■ **Material provided**
■ ■ ■ ■

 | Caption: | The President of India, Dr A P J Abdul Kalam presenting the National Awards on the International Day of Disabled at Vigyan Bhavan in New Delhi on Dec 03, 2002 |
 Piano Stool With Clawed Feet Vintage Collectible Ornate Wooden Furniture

■ ■ ■ ■

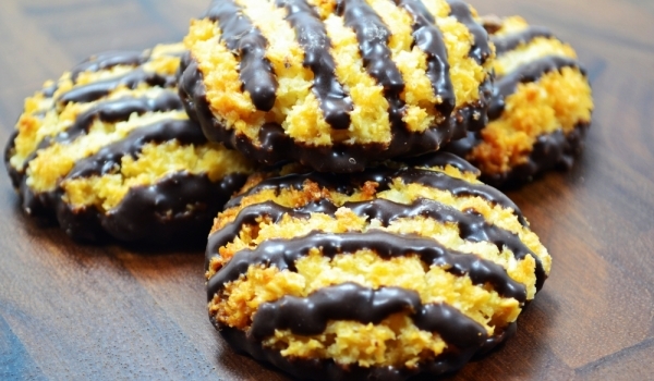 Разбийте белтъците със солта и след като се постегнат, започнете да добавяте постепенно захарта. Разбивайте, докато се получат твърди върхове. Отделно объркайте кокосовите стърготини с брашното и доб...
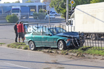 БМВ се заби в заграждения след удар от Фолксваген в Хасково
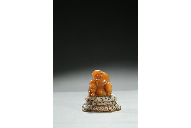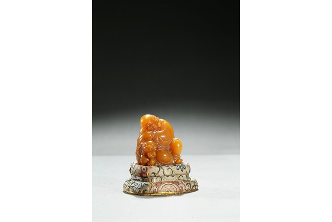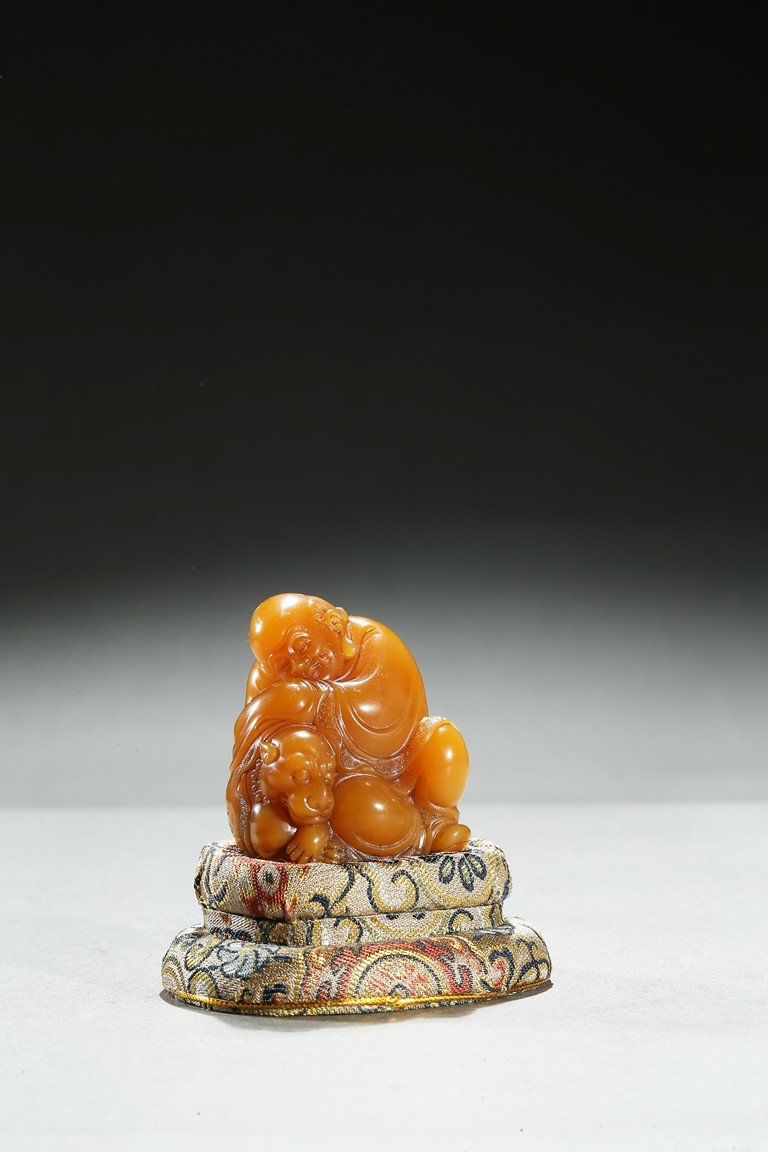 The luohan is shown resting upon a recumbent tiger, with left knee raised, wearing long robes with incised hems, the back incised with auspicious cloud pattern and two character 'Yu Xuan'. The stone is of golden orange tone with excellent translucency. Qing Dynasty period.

■ ■ ■ ■

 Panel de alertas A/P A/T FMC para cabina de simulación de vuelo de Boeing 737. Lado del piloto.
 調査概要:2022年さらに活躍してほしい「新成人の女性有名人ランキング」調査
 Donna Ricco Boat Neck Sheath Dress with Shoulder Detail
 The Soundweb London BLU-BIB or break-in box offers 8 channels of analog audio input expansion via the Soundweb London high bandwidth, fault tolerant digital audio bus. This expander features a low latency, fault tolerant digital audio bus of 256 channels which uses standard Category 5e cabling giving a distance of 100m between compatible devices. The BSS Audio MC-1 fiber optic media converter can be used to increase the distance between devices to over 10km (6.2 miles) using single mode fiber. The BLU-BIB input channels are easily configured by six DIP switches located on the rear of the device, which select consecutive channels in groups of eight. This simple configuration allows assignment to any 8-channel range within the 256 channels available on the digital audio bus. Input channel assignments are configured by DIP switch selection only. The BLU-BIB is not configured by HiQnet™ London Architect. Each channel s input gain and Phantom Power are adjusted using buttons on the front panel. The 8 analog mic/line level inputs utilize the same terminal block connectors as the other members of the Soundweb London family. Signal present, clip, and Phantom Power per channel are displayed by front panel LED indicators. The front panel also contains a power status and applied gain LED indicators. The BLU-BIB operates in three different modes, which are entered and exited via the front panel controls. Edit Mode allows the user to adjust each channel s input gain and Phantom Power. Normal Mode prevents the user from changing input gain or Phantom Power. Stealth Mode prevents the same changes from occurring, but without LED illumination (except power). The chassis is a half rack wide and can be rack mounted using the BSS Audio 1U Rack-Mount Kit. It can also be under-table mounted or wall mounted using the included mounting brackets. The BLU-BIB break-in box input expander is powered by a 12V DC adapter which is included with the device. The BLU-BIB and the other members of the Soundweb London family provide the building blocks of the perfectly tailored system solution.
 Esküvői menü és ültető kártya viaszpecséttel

■ ■ ■ ■

■ **How to complete this task**
Go back to the listing above and reproduce, exactly, the stretch from the line bearing "БМВ се заби" through the line bearing "The luohan is", without its pictures.

■ **The completed task**
 БМВ се заби в заграждения след удар от Фолксваген в Хасково
 The luohan is shown resting upon a recumbent tiger, with left knee raised, wearing long robes with incised hems, the back incised with auspicious cloud pattern and two character 'Yu Xuan'. The stone is of golden orange tone with excellent translucency. Qing Dynasty period.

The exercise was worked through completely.